John, it seems, had only one concern and that was changing, feeding and looking out for his baby brother. At the beginning, John hoarded food and hid it in his room. His foster parents would bring him to the stove at mealtimes to see the great quantities of food available, assuring him there was plenty.

The brothers went from a world of chronic neglect and deprivation to one that is nurturing, stimulating and safe. I know all this because it is laid out in throat-lumping plainness by Miami-Dade Circuit Judge Cindy Lederman, who ruled on Tuesday that the boys could be adopted by their foster father, 47 year-old Frank Martin Gill, who is gay.

Her 53-page ruling declaring that Florida's 31-year ban on gay adoption is unconstitutional is a masterpiece of truth and compassion, grounded in a thorough analysis of 30 years of social science on gay parenting as well as spot-on legal reasoning.

Judge Lederman, who is an old acquaintance, has offered us the best of what judges can bring to society: a repudiation of laws that are a malignant manifestation of the bigotry of their time.

Florida's ban on gay adoption passed in 1977. Now, it has been judicially recognized that there is no rational basis for this kind of sweeping intolerance encoded in law. As Lederman said, "Sexual orientation is not a predictor of a person's ability to parent."

Gill and his life partner were touted as "model parents" by the children's guardian ad litem, who visited the boys monthly for years and called the Gill home "one of the most caring and nurturing placements" he has ever encountered. Lederman found that Gill "is an exceptional parent to John and James who have healed in his care."

Now allow me to introduce you to Dr. George Rekers, a clinical psychologist who is also an ordained Baptist minister. Rekers was one of the state's star witnesses in its efforts to keep Gill from making John and James his sons.

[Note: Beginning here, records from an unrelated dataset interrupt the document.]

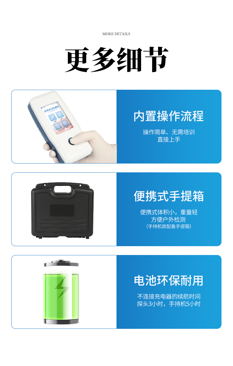 4. 不連接充電器的續(xù)航時間:探頭3小時。
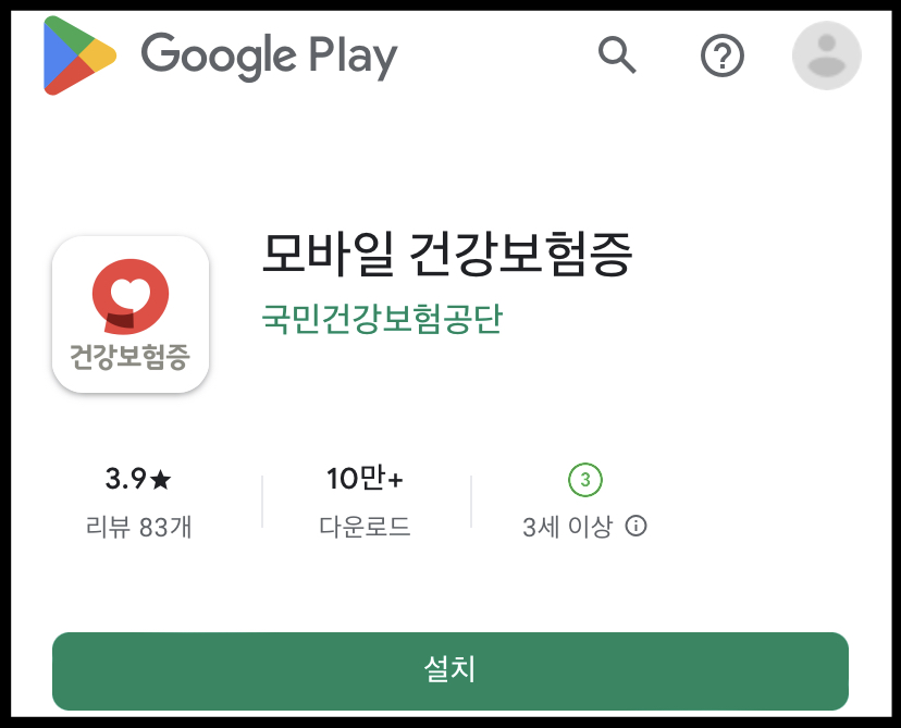 - Play스토어 또는 앱스토어에서 모바일건강보험증을 검색 후 설치합니다.
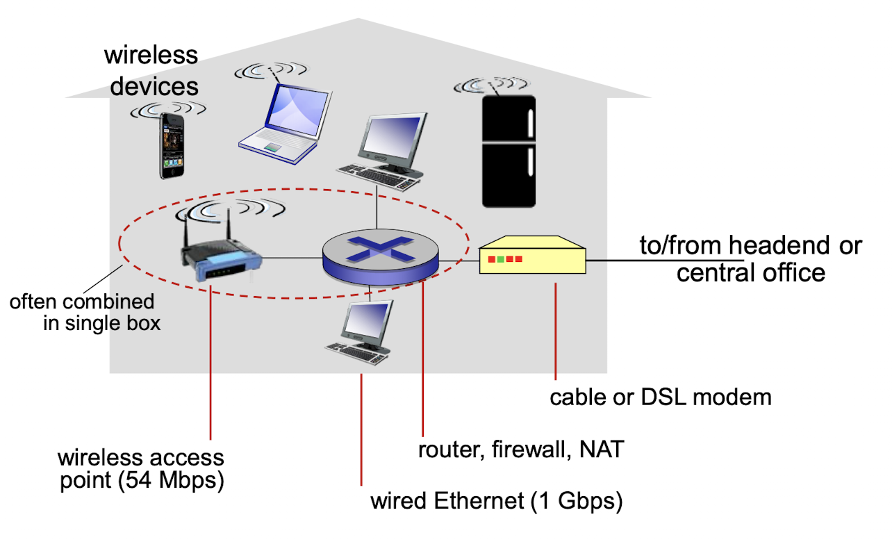 전형적인 홈 네트워크이다. 그림에서 wireless accss point는 주로 우리가 알고있는 공유기이며 여러 장치들이 이곳에 연결할 수 있다.
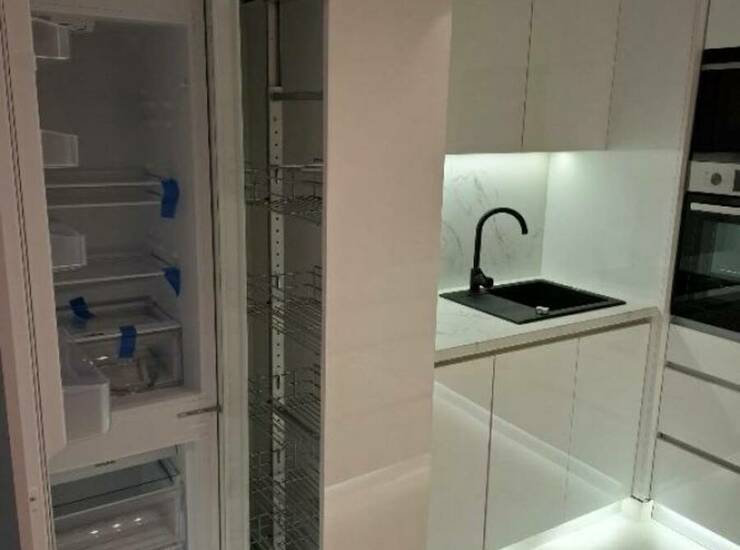 Poseduje ugradnu kuhinju sa kompletnom belom tehnikom - frižider sa zamrzivačem i sudomašina.

Rekers testified that homosexual adults are unfit as adoptive parents because they are more likely to suffer from depression and tend to have a larger number of partners over their lives.

Hmm. If true, could it be because people like Rekers marginalize gay citizens and work to block the ability of gays to obtain stability through marriage?

Rekers often invokes what he calls God's moral laws to decree that homosexual behavior shouldn't be countenanced by his profession. According to Rekers, individual homosexuals are "manipulated by leaders of the homosexual revolt" to the detriment of those suffering this "sexual perversion." Rekers' testimony was easily discredited. Instead the court relied on empirical studies demonstrating that there are "no differences" in the adjustment of children with gay parents.

Martin Luther King Jr. said, "The arc of the moral universe is long, but it bends toward justice." It is bending a bit now, for John and James, for Gill and his partner, and for the nearly 1,000 children in Florida who are waiting for good, loving, permanent homes.

That is, if this decision is allowed to stand.